Return Value of boxplot()
- The boxplot() function returns a list with 6 components shown as follows.
> b <- boxplot(airquality$Ozone)
> b
$stats
[,1]
[1,] 1.0
[2,] 18.0
[3,] 31.5
[4,] 63.5
[5,] 122.0
attr(,"class")
1
"integer"
$n
[1] 116
$conf
[,1]
[1,] 24.82518
[2,] 38.17482
$out
[1] 135 168
$group
[1] 1 1
$names
[1] "1"
- As we can see above, a list is returned which has the following
- stats - The position of the upper/lower extremes of the whiskers and box along with the median,
- n - The number of observation the boxplot is drawn with (notice that NA's are not taken into account)
- conf - Upper/Lower extremes of the notch, out - value of the outliers
- group - A vector of the same length as out whose elements indicate to which group the outlier belongs and
- names - A vector of names for the groups.
Multiple Boxplots
- We can draw multiple boxplots in a single plot, by passing in a list, data frame or multiple vectors.
- Let us consider the Ozone and Temp field of airquality dataset.
- Let us also generate normal distribution with the same mean and standard deviation and plot them side by side for comparison.
# prepare the data
ozone <- airquality$Ozone
temp <- airquality$Temp
# gererate normal distribution with same mean and sd
ozone_norm <- rnorm(200,mean=mean(ozone, na.rm=TRUE), sd=sd(ozone, na.rm=TRUE))
temp_norm <- rnorm(200,mean=mean(temp, na.rm=TRUE), sd=sd(temp, na.rm=TRUE))
- Now we us make 4 boxplots with this data. We use the arguments at and names to denote the place and label.
boxplot(ozone, ozone_norm, temp, temp_norm,
main = "Multiple boxplots for comparision",
at = c(1,2,4,5),
names = c("ozone", "normal", "temp", "normal"),
las = 2,
col = c("orange","red"),
border = "brown",
horizontal = TRUE,
notch = TRUE
)

Boxplot form Formula
- The function boxplot() can also take in formulas of the form y~x where, y is a numeric vector which is grouped according to the value of x.
- For example, in our dataset airquality, the Temp can be our numeric vector.
- Month can be our grouping variable, so that we get the boxplot for each month separately.
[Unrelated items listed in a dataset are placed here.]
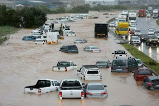 So a heavy wind and storm hit the South African city of Durban and have left most of the street flooded. Not just streets but cars were virtually submerged in the flood and properties destroyed.
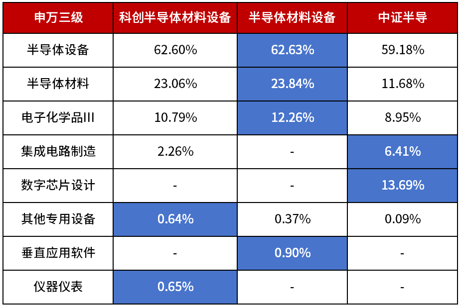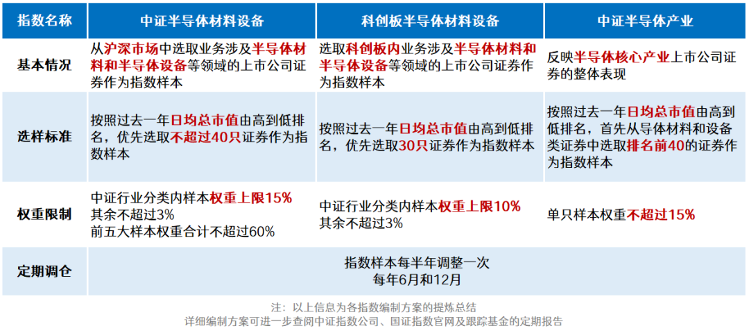 先说为什么半导体设备这么重要。芯片产业链中,设备和材料都处在最上游,是推动整个行业技术进步的关键环节。如果把芯片制造比作印刷,设备就是“印刷机”,材料就是“纸墨”,没有它们,再好的芯片设计也只是空中楼阁。目前市场上跟踪半导体设备主题的指数主要有三只:科创半导体材料设备指数,成分股全部来自科创板,是科创板唯一的半导体设备主题指数;中证半导体材料设备指数,A股全市场选股,聚焦上游设备与材料。中证半导产业指数(以下简称中证半导),不仅包含设备材料,还涵盖芯片设计和制造。
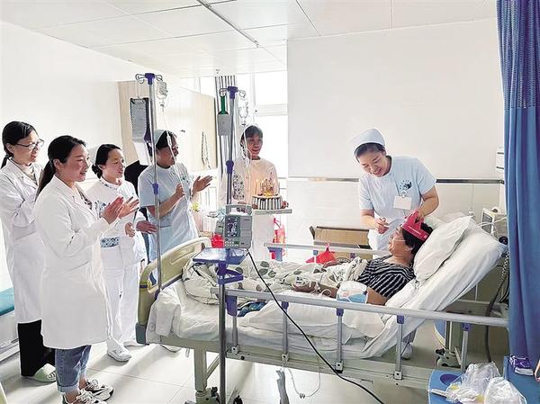 在深情的祝福歌声中,护士为于女士戴上寿星帽,点燃蜡烛。于女士脸上洋溢着幸福的笑容,动情地望着医护人员连声致谢:“谢谢你们想得这么周到!”
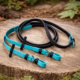 i mostly use leather reins but purchased these to match the bridle i ordered. The material used feels so nice in your hands, not rough like some grippy rubber reins. It’s hard to explain but the floppyness and suppleness is as close to top quality leather I reckon you could get. Not stiff and in the way like thicker rubber reins.
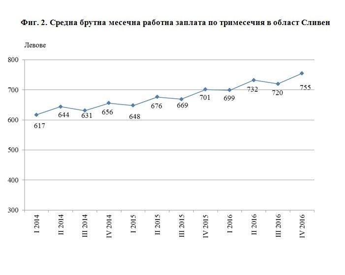 През четвъртото тримесечие на 2016 г. средната месечна работна заплата за област Сливен нараства със 7.7% в сравнение с четвъртото тримесечие на 2015 година (фиг. 2).
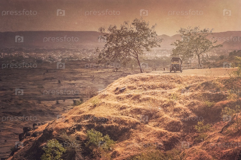 Старая рикша на индийской дороге
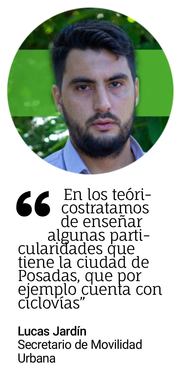 “En los teóricos tratamos de enseñar algunas particularidades que tiene la ciudad, porque justamente evaluamos a gente que vive en Posadas. Debe identificar cartelería específica y reconocer ciclovías. También abordamos una introducción al funcionamiento de monopatines eléctricos, entre otros puntos”, detalló el funcionario.

- In our dataset, month is in the form of number (1=January, 2-Febuary and so on).
boxplot(Temp~Month,
data=airquality,
main="Different boxplots for each month",
xlab="Month Number",
ylab="Degree Fahrenheit",
col="orange",
border="brown"
)

- It is clear from the above figure that the month number 7 (July) is relatively hotter than the rest.